In CNA Ins. Co. v. McGinnis, 282 Ark. 90, 666 S.W.2d 689 (1984), the court reversed a court of appeals decision that affirmed a ruling by the trial court that there was coverage under a homeowner’s insurance policy where even though the acts of sexual assaults and abuse inflicted by a man against his stepdaughter were intentional, the results of such abuse were not intentional. The court wrote that the test is “what a plain ordinary person would expect and intend to result from a mature man’s deliberately debauching his six-year-old stepdaughter and continuing to do so for years,” and concluded that “it flies in the face of all reason, common sense, and experience” for the perpetrator to claim that he did not intend by his actions to cause injury to the child. Id. at 93, 666 S.W.2d at 691.
Talley and McGinnis are clearly distinguishable from each other. In Talley v. MFA Mutual Ins.
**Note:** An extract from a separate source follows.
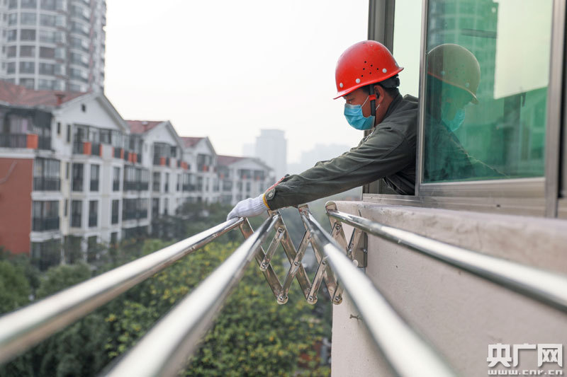 在該區(qū)古南鎮(zhèn)街道桃樹(shù)下社區(qū)如意苑小區(qū),工人正在為居民改裝伸縮晾衣架(央廣網(wǎng)發(fā) 通訊員楊璐 攝)

Co., supra, the supreme court upheld a trial court’s determination that there was a fact question as to whether the injury to the two teenagers was the unintentional result of an intentional act where the teenager firing the shots contended that he could not see that the victims were outside since it was dark and they were hiding behind the car. However, in CNA Ins. Co. v. McGinnis, supra, the insured clearly intended the results of his actions. He was cognizant of what he was doing and could not have reasonably believed that no harm would occur.
We find the case at bar to be controlled by CNA Ins. Co. v McGinnis, supra. The appellee in this case intentionally made numerous anonymous telephone calls to Simonetti. Like the supreme court in McGinnis, we find it hard to say that a plain ordinary person would not expect and intend both emotional and physical distress to result from a continuing barrage of harassing telephone calls. For the appellee to declare that he did not intend to cause injury “flies in the face of all reason, common sense and experience.” CNA Ins. Co. v. McGinnis, supra. Therefore, we find that the trial court erred in granting appellee’s motion for summary judgment and in denying appellant’s motion for summary judgment. We reverse and order the trial court to enter an order consistent with this opinion.
Reversed.
Meads and Roaf, JJ., agree.Because of the obvious conflict of interest created for the Reid law firm as a result of the filing of this third-party complaint, the court allowed Reid law firm to withdraw as attorneys of record for appellee without prejudice to appellee’s claims that appellant owed him a defense and the duty to pay damages under his homeowner’s policy.